TASK DETAILS:
Please give the lines below again exactly as they stand, from the one that contains "立体的なシルエットのトップス" up to and including the one that contains "男性向けラノベタイトル風あだ名 | 『おまえをオタクにしてやるから、俺をりくゆういにしてくれ! 』 |", leaving all pictures out.

**** EXTRACTED INFORMATION ****

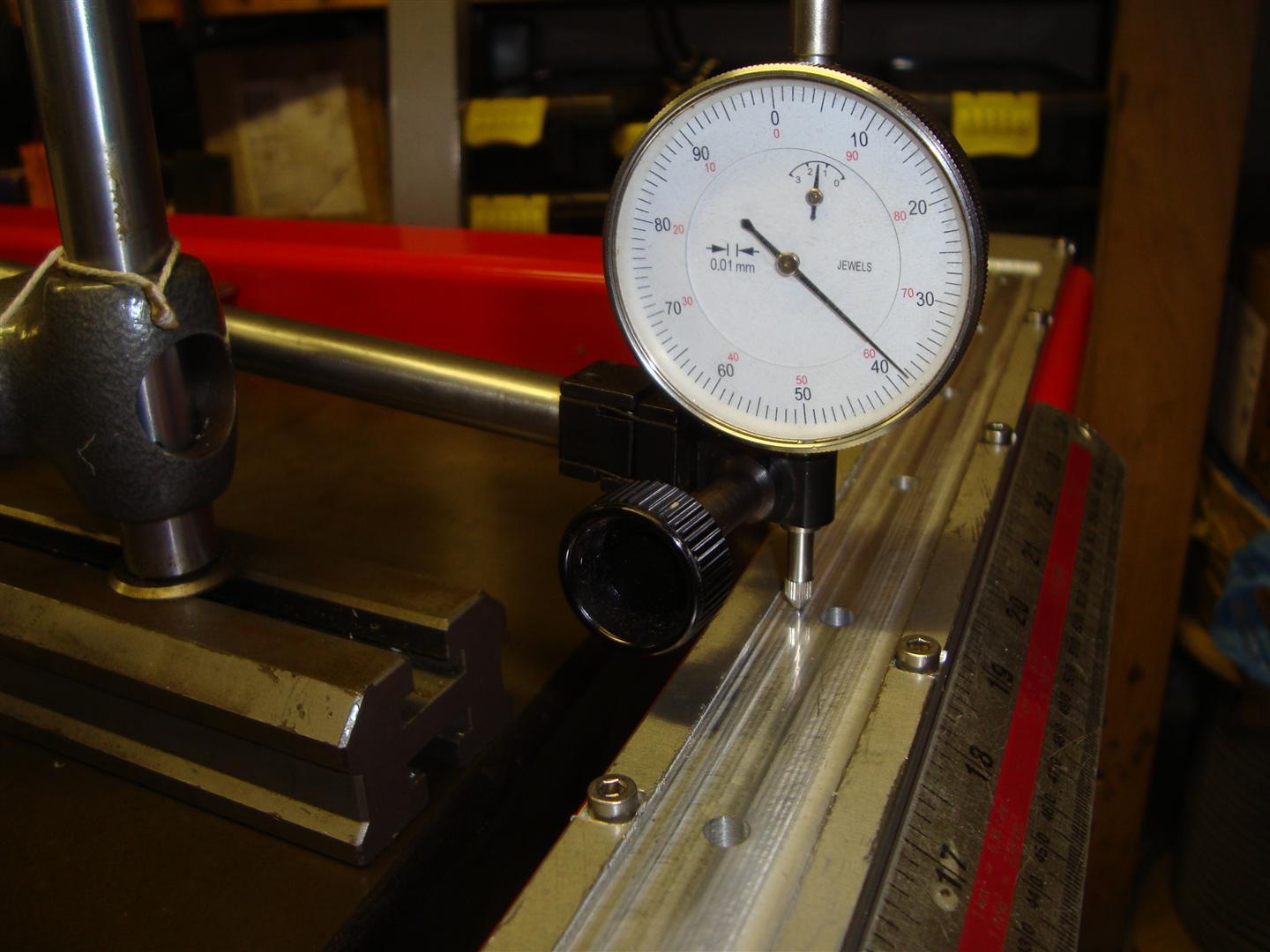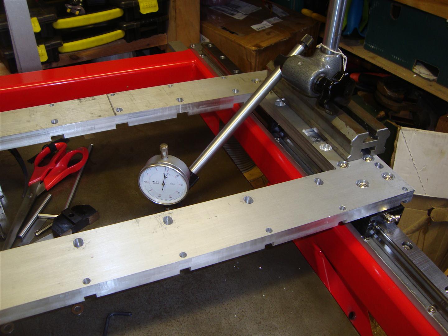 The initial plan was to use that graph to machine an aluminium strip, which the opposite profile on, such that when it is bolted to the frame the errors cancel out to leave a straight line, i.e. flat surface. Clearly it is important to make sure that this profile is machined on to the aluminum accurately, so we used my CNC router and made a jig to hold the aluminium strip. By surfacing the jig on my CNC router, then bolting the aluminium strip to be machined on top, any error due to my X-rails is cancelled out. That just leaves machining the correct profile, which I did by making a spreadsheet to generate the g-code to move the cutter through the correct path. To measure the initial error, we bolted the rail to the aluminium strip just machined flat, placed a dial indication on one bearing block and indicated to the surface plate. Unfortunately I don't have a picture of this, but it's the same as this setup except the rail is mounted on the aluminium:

****
**** EXTRACTED INFORMATION ****

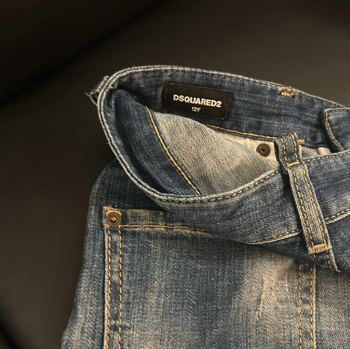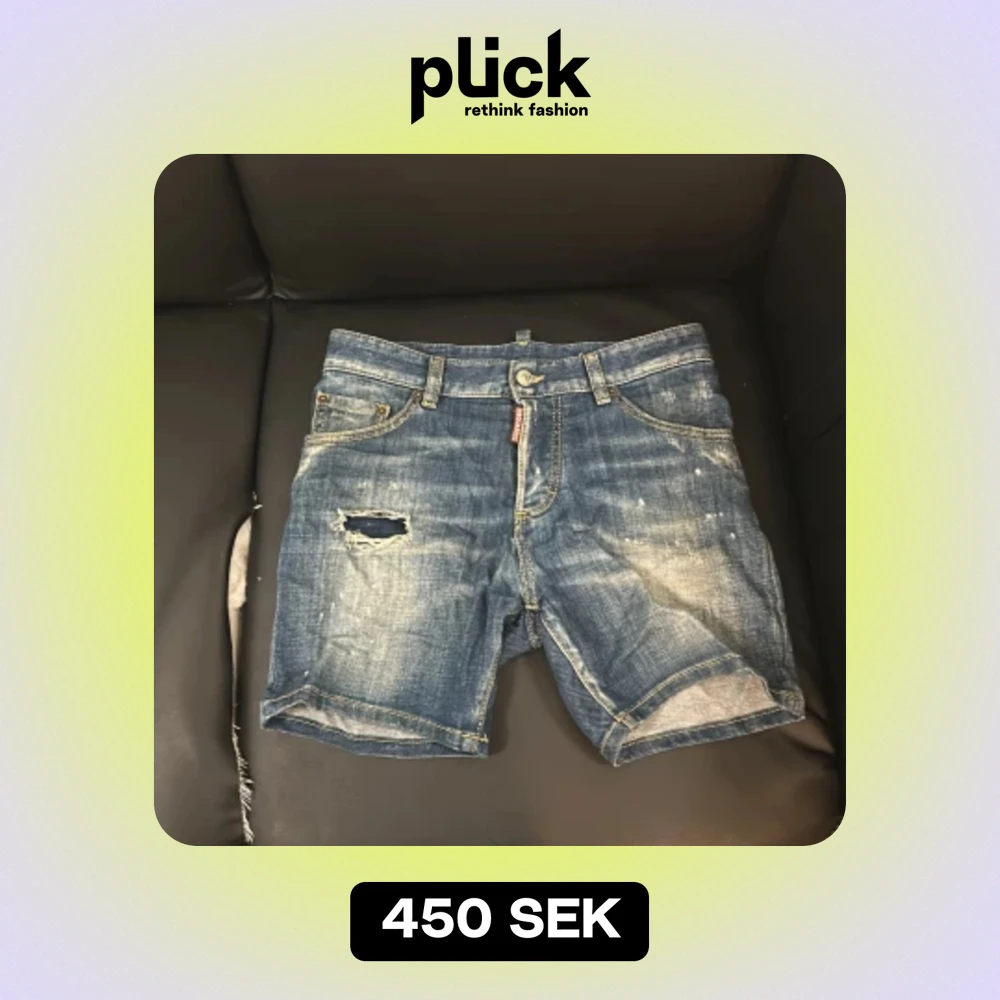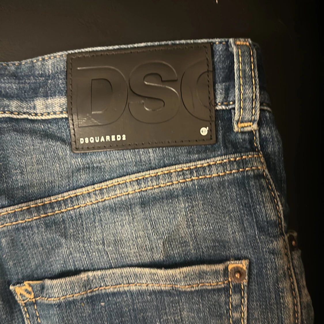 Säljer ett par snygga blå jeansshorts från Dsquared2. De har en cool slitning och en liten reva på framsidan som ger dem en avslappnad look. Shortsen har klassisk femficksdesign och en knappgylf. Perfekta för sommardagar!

****
**** EXTRACTED INFORMATION ****

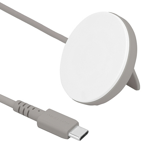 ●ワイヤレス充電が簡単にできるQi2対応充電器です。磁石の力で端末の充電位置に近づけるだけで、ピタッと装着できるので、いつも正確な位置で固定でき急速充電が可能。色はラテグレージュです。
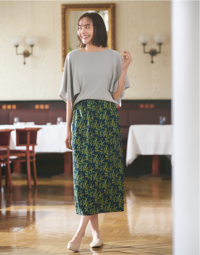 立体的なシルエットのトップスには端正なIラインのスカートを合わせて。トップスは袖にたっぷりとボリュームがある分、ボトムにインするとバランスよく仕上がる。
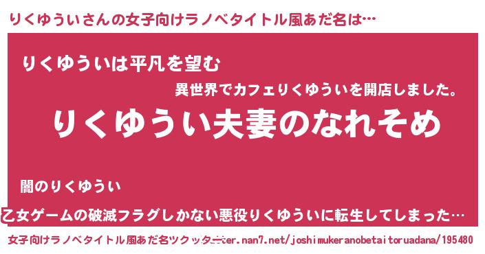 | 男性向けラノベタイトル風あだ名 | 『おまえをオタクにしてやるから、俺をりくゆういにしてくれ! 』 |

****

RESPONSE TO THIS TASK:
 立体的なシルエットのトップスには端正なIラインのスカートを合わせて。トップスは袖にたっぷりとボリュームがある分、ボトムにインするとバランスよく仕上がる。
 | 男性向けラノベタイトル風あだ名 | 『おまえをオタクにしてやるから、俺をりくゆういにしてくれ! 』 |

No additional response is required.